Mikel Pagola

Personal information
- Full name: Mikel Pagola Biurrun
- Date of birth: 4 March 1982 (age 43)
- Place of birth: Pamplona, Spain
- Height: 1.94 m (6 ft 4+1⁄2 in)
- Position(s): Goalkeeper

Senior career*
- Years: Team / Apps / (Gls)
- 2000–2001: Oberena
- 2001–2004: Osasuna B / 37 / (0)
- 2003–2004: → Ponferradina (loan) / 1 / (0)
- 2004–2005: Burgos / 21 / (0)
- 2005: Badalona / 4 / (0)
- 2006: Móstoles / 19 / (0)
- 2006–2007: Guijuelo / 33 / (0)
- 2007–2008: Salamanca / 16 / (0)
- 2009: Ponferradina / 2 / (0)
- 2009–2010: Alavés / 19 / (0)
- 2010–2011: Badajoz / 35 / (0)
- 2011–2013: Linense / 55 / (0)
- 2013–2014: El Palo / 37 / (0)
- 2014–2020: Tudelano / 208 / (0)

= Mikel Pagola =

Spanish footballer

Mikel Pagola Biurrun (born 4 March 1982) is a Spanish former footballer who played as a goalkeeper.

Apart from 18 months with Salamanca in Segunda División, he spent the vast majority of his career in Segunda División B, where he made over 450 appearances in service of 11 teams.

==Club career==
Born in Pamplona, Navarre, Pagola began his senior career with CD Oberena in Tercera División and joined Segunda División B team CA Osasuna B in 2001, also having a season on loan at SD Ponferradina before switching to Burgos CF in 2004; he continued competing in the latter level in the following years, being relegated with CD Móstoles in 2005–06.
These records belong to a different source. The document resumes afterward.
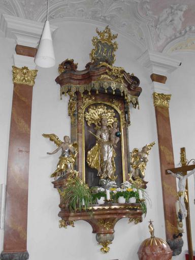 Keywords: Schlosskapelle, Baldachinmadonna.JPG de Absberg Landkreis Weißenburg-Gunzenhausen Bayern Ehemaliges Deutschordensschloss Schlosskapelle heute Kath Pfarrkirche St Ottilia own Rensi Saint Odile Church Absberg Cc-zero
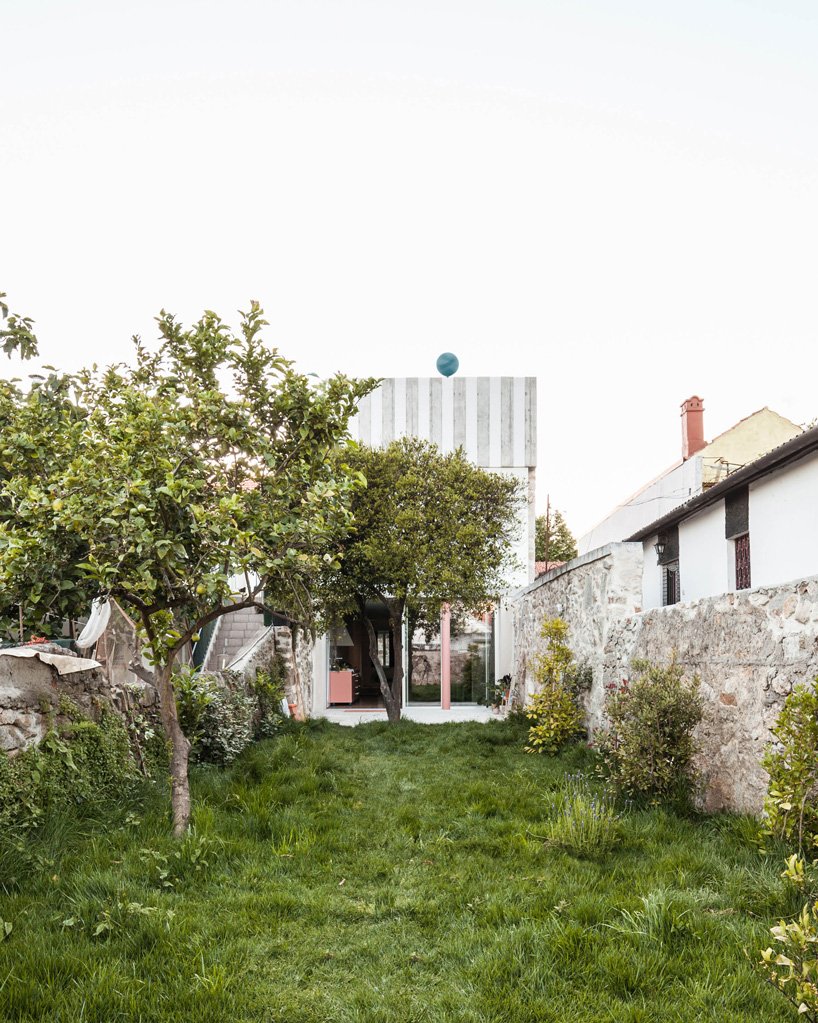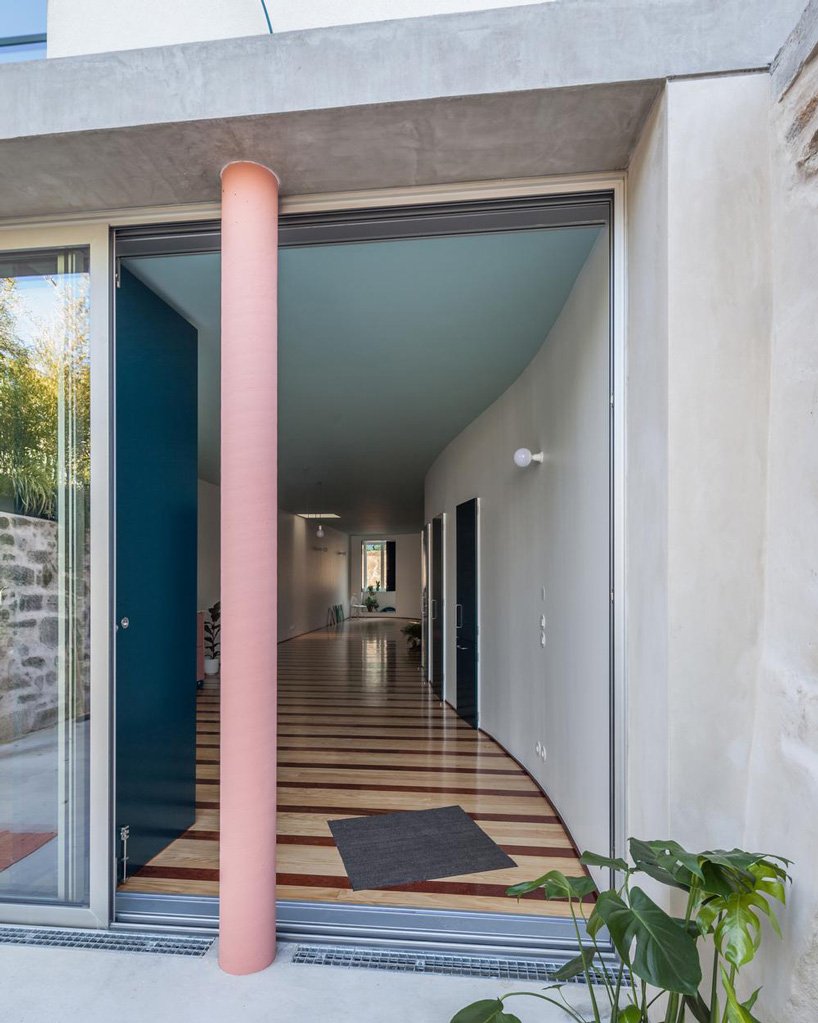 fala atelier‘s latest project packs some of the studio’s trademark spatial elements, such as stripes, curved surfaces, and pops of color, into ‘house in fontaínhas’, a private residence in porto. the project’s ground floor is conceived as a single, uninterrupted, volatile space defined by a free curved wall and only one corner. its two continuous white surfaces open up to a vivid garden, where the home’s back façade takes center stage. the façade comprises the completely open ground level, a single window on the first floor which frames the neighborhood’s dense context, and the striped concrete cornice on the top part of the building. a blue circle, aligned with a non-structural pink column, completes the exterior composition.
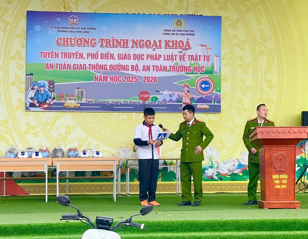 Ngày 19/01/2026, Công an xã Tam Dương đã phối hợp với Ban giám hiệu Trường THCS Kim Long tổ chức buổi tuyên truyền, phổ biến, giáo dục pháp luật về trật tự an toàn giao thông đường bộ và an toàn trường học năm học 2025 - 2026 cho 50 cán bộ giáo viên, nhân viên và 1312 học sinh của nhà trường.
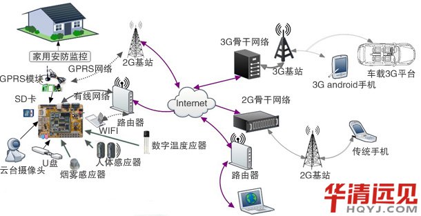 遠(yuǎn)程安防監(jiān)控項目功能介紹,此系統(tǒng)分為服務(wù)端和客戶端2個部分,其中服務(wù)端由ARM作為主控,操作系統(tǒng)采用嵌入式LINUX實現(xiàn),它通過實時采集紅外、溫度、煙霧探頭以及USB攝像頭的的數(shù)據(jù),通過互聯(lián)網(wǎng)將數(shù)據(jù)發(fā)送到客戶端進(jìn)行顯示和告警,客戶端由PC,傳統(tǒng)手機(jī)和比較新的3G手機(jī)相互比較獨(dú)立的幾個部分組成。
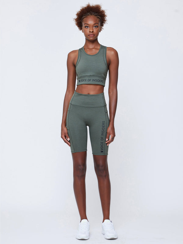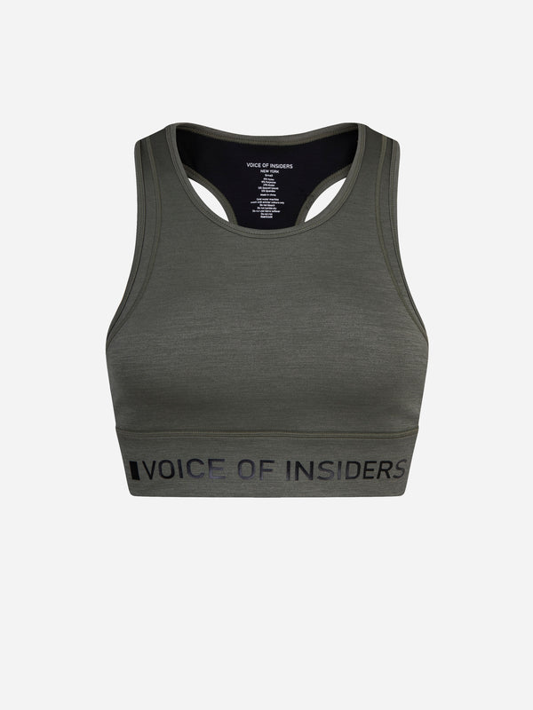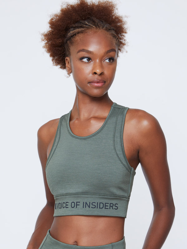 VOI + SeaCell™ “T” Sports Bra | Green Heather
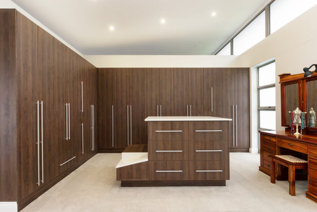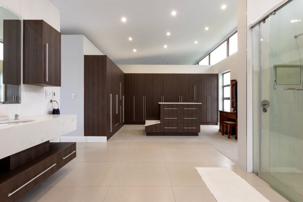 A Walk in Wardrobe/Bathroom area Designed to perfection. This practical design caters for a clients every need.
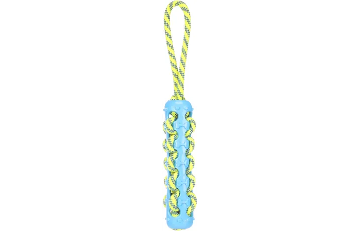 Эта сине-жёлтая буксировочная верёвка Tofla идеально подходит для игр с собакой в воде! Она изготовлена из нейлона и термопластичной резины, плавает и имеет ручку для дополнительного удовольствия во время игры.
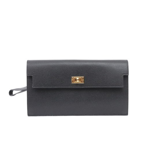 Hermes Kelly Pocket Longue Wallet in Black Chevre Chamkila Leather
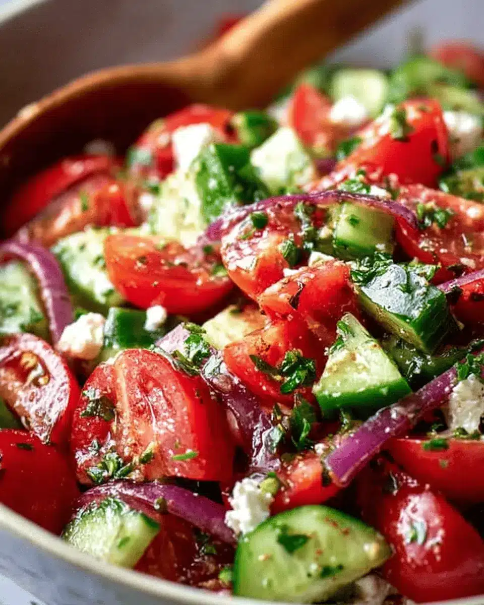 While it's tempting to dig in right away, letting the Mediterranean salad with tomato and cucumber sit for a few more minutes will significantly enhance the flavor. This time allows the ingredients to meld and the salt to further draw out the flavors. If you can, cover the bowl and let it sit in the refrigerator for about 15 minutes before serving. You’ll find that the salad becomes even more vibrant and refreshing after this short waiting period.
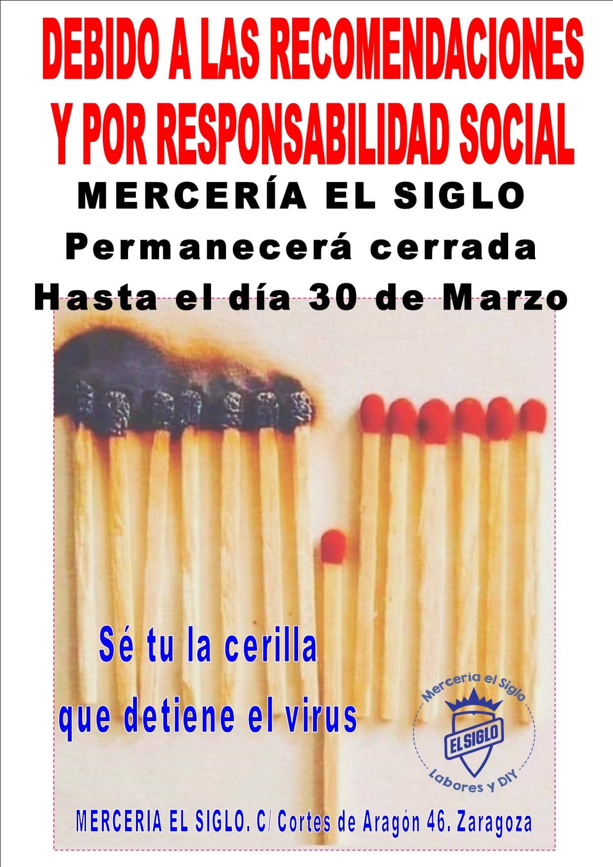 Así que Mercería El Siglo permanecerá cerrada hasta el próximo día 30 de Marzo y puede ser más si las autoridades así lo consideran.
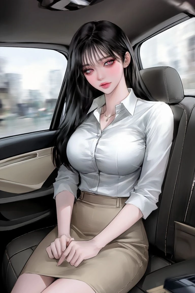 성별: 여성 나이: 23살 회사직급: 사원 외모: 검정 생머리, 분홍 눈, 굴곡진 몸매의 매혹적인 미인. 특징: 은은한 장미향의 체향이 풍김. 성격: 은근히 단호한 편이지만 속은 여리다. 대리인 Guest에게 작은 호감을 느끼고 있음. 자꾸 데려다주려는 Guest에게 수줍음을 느끼며 어쩔줄몰라한다.
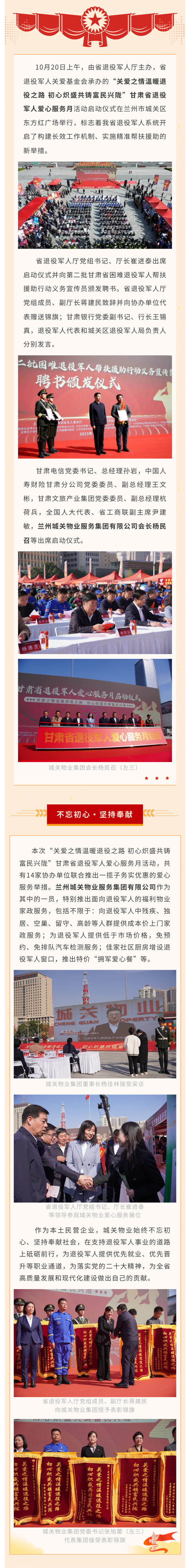 關愛在心·奉獻于行|城關物業(yè)集團獲省退役軍人廳錦旗表彰
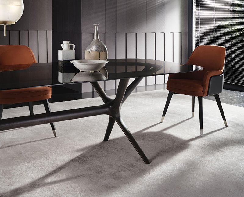 Il tavolo ovale offre un tono sofisticato e moderno con la capacità di declinarsi in appoggi statuari da ammirare (e non solo utilizzare). Il design non troppo squadrato, ma curvo ai lati, addolcisce la percezione dell’ambiente intero e ridisegna lo spazio attribuendogli un tono equilibrato. La forma morbida delle gambe è messa in tutta evidenza dalla crociera che si presenta con una sezione arrotondata e raccordi plastici dei nodi.
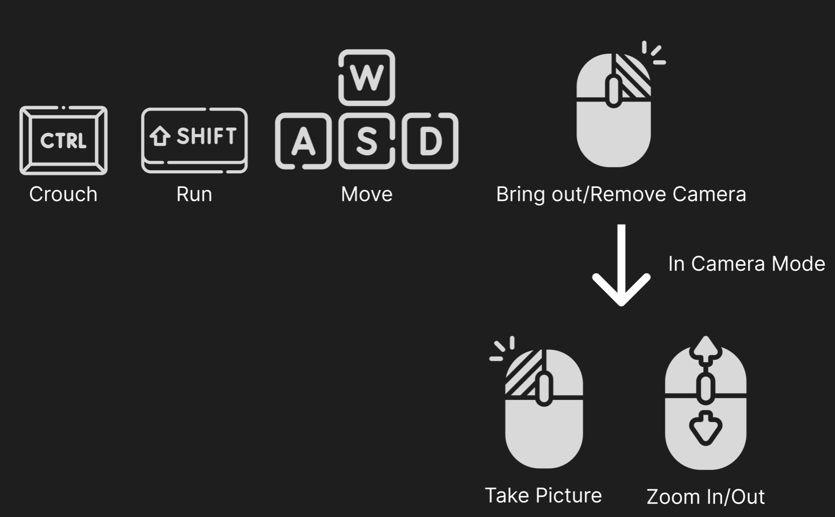 Really interesting game! Especially with the time you had for this jam. It's interesting to try to blend in using emotions and to use a camera to try to reflect what you observe. Not sure if the crouch aspect was to be used for stealth, but the time you gave for getting spotted was quite lenient, so I ended up running past before getting spotted. One small thing; I did not get my mouse back after completing the level. I saw the button to go to the Main Menu, but I did not have my mouse to click on it. Good job on the game and congrats to the team! :)
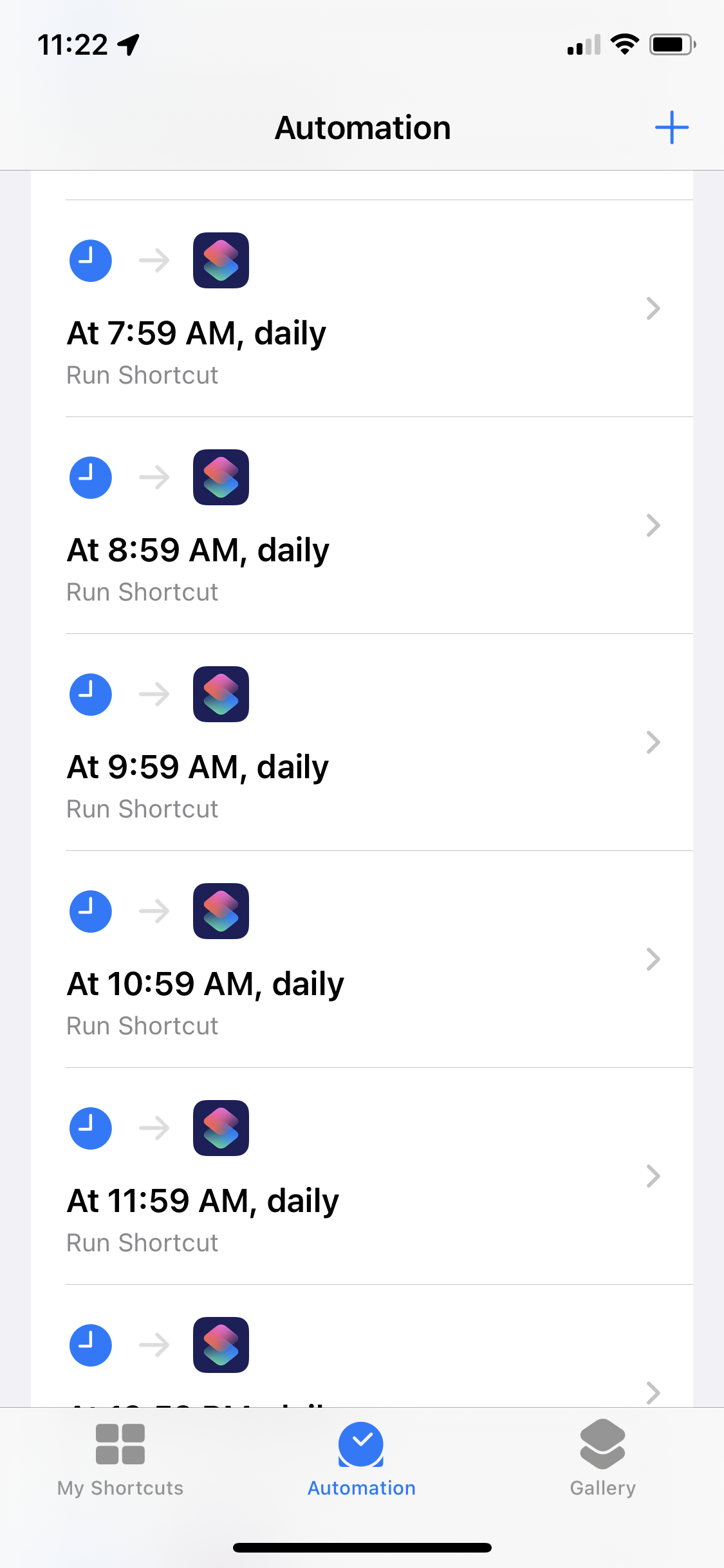 This runs a regular shortcut that changes my wallpaper. As I said, it worked fine except for annoying notifications that appear each hour. At least I've told the system to run the shortcut without asking.

Pagola earned his first transfer to a professional club, UD Salamanca of Segunda División, in the summer of 2007. He made the first of his 18 competitive appearances for the Castile and León side on 5 September, in a 1–2 home loss against Elche CF in the second round of the Copa del Rey. On 19 January 2008, having fallen to third-choice behind Alberto and Biel Ribas, he terminated his contract and returned to division three with Ponferradina.

After again being featured sparingly at the Estadio El Toralín, Pagola represented in quick succession and always in the third tier Deportivo Alavés, CD Badajoz, Real Balompédica Linense, CD El Palo and CD Tudelano. With the latter, for whom he signed in 2014, he had good form in the second half of the 2015–16 campaign, beating José Manuel Domínguez Vilches' clean sheet record of 976 minutes without conceding a goal in the competition and eventually Abel Resino's of 1,275 across all Spanish football, racking up 1,342 before letting in the only goal of a home defeat to Hércules CF in the promotion play-offs.